Alors que je viens à l’instant de valider les textes que vous avez déposés sur l’illustration de dimanche dernier, que je vous invite d’ailleurs à lire, je vous propose cette semaine de faire le tour de la bibliothèque imaginée par l’artiste Carola Pabst afin de la faire vivre en vos mots, comme vous le faites si bien, régulièrement ou occasionnellement.

Aucun commentaire ne sera validé avant dimanche prochain, comme le veut l’habitude, ce qui vous laisse plus que le temps nécessaire pour écrire quelques lignes. Ce sera avec plaisir que nous vous lirons dans une semaine.

D’ici là, bon début de printemps pour celles et ceux qui ont déjà l’occasion de le voir poindre, et bonne fin d’hiver aux autres.

Le verre d’eau

Le hasard n’existe pas. Ce n’est donc pas lui qui m’a permis de retrouver cette carte postale alors que je cherchais autre chose.

La photo prise par la photographe Laurence Hutton il y a une dizaine d’années est toute simple. De celles qui font dire qu’une image vaut mille mots.

L’imaginaire d’Alexandra

Continuer de s’étonner. Partager ce qui nous touche. Faire fi des passeports. Ne pas prêter aux individus des intentions, des adhésions, des allégeances. Plus que jamais en ce moment.
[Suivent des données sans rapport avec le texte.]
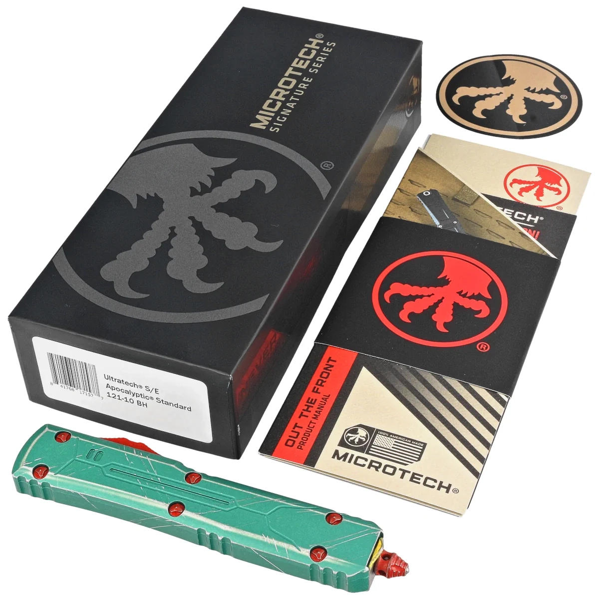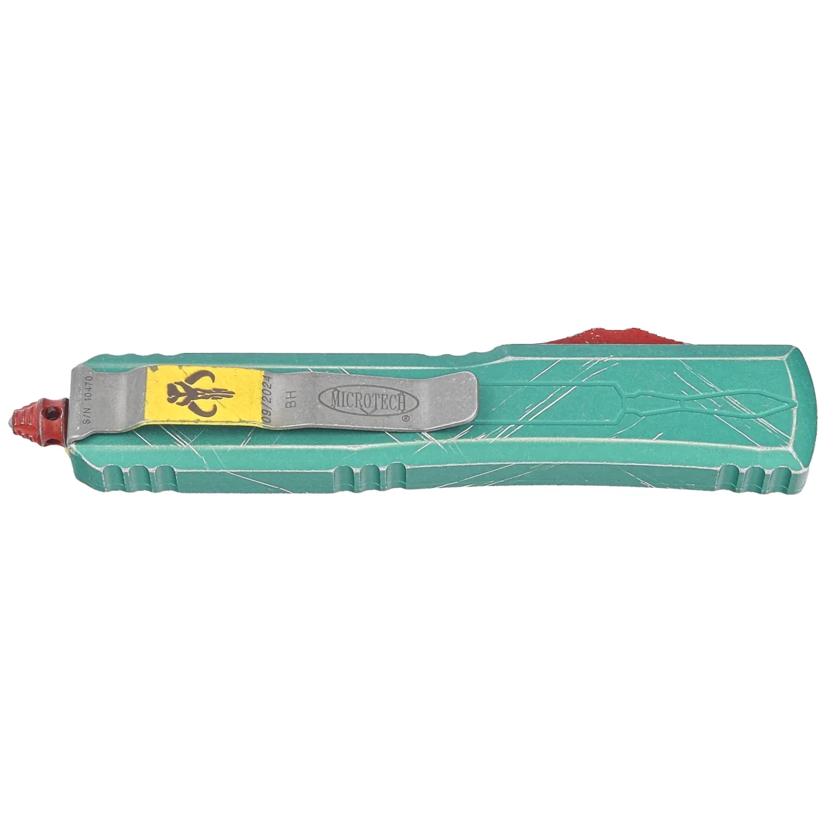Microtech Ultratech S/E Bounty Hunter Signature OTF Knife Distressed Green Aluminum, Apocalyptic M390 by Tony Marfione (121-10BH)
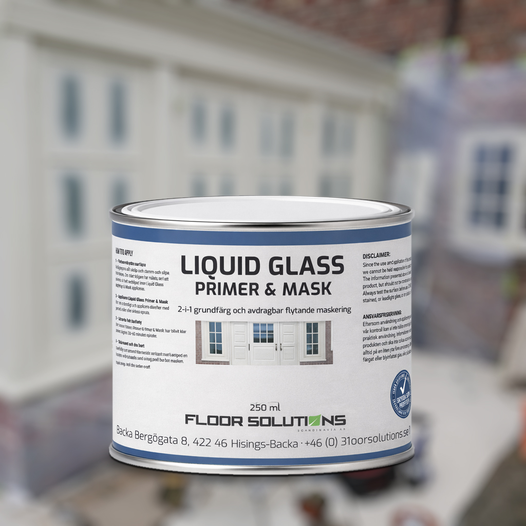 Liquid Glass Primer & Mask grundar trä och maskerar glas i ett moment för snabbare arbete och perfekta färgkanter utan tejp.

Et s’émerveiller devant le travail de l’artiste russe Alexandra Dvornikova, dont j’ai fait la découverte grâce à cette carte postale.

La fête des lumières

C’est dans l’État du Tamil Nadu, en Inde, que se tient annuellement le festival des lumières Kartikai Deepam., que je vous invite à découvrir, comme je l’ai fait, grâce à cet article.

L’arbre à cœurs

Je ne suis pas fan de l’hiver, je l’ai mentionné plus d’une fois ici. Mais je vis dans un pays où l’hiver dure parfois six mois. Je dois donc omposer avec lui. Et tant que la tempête de la Saint-Patrick n’est pas chose du passé, il est inutile de rêver à une arrivée imminente du printemps. Donc, autant accepter les choses et sourire devant cet arbre à cœurs de l’artiste finlandaise Virpi Pekkala.

La musique de l’océan

La musique de l’océan. Tel est le titre que l’artiste Carol J. Rupp a donné à ce tableau dans lequel je me reconnais. J’ai toujours aimé entendre le bruit des vagues provenant des coquillages. Vous aussi?

Une autre machine à écrire

Je ne me lasse pas des cartes postales mettant à l’honneur des cartes postales. Celle-ci m’a permis de découvrir le travail de la photographe Jill Wellington dont les photos libres de droits feraient de bien jolies cartes postales…

L’escalier de la tourelle Nord

Je pourrais passer mes journées à me tenir au courant de ce qui passe en Ukraine, de l’évolution de la COVID-19 à travers le monde, des statistiques concernant les différents types de cancer. Je pourrais.

Je ne le fais pas. J’ai choisi de limiter le temps que je consacre à me tenir informée. Pour ma santé mentale. Pour rêver. Un peu. Pas beaucoup. Juste assez pour tenir le coup. Pour me dire qu’un jour, peut-être, j’entrerai dans une des cartes postales que je vous offre jour après jour. Et, pour imaginer, pourquoi pas, que je monterai un jour les marches de l’escalier de la tourelle Nord du Petit Palais afin de me glisser dans cette photographie de Thierry Depagne.

En vos mots 776

Il me semble qu’il y a bien longtemps que je ne vous ai proposé une scène livresque se déroulant dans une librairie, raison pour laquelle j’ai choisi aujourd’hui cette illustration de l’artiste Katy Leto afin que vous lui donniez vie en vos mots.

Comme le veut l’habitude, aucun commentaire ne sera validé avant dimanche prochain, ce qui vous laisse amplement d’écrire quelques lignes et de lire les textes déposés sur l’illustration de la semaine dernière.

D’ici là, demeurons optimistes même s’il est difficile de l’être.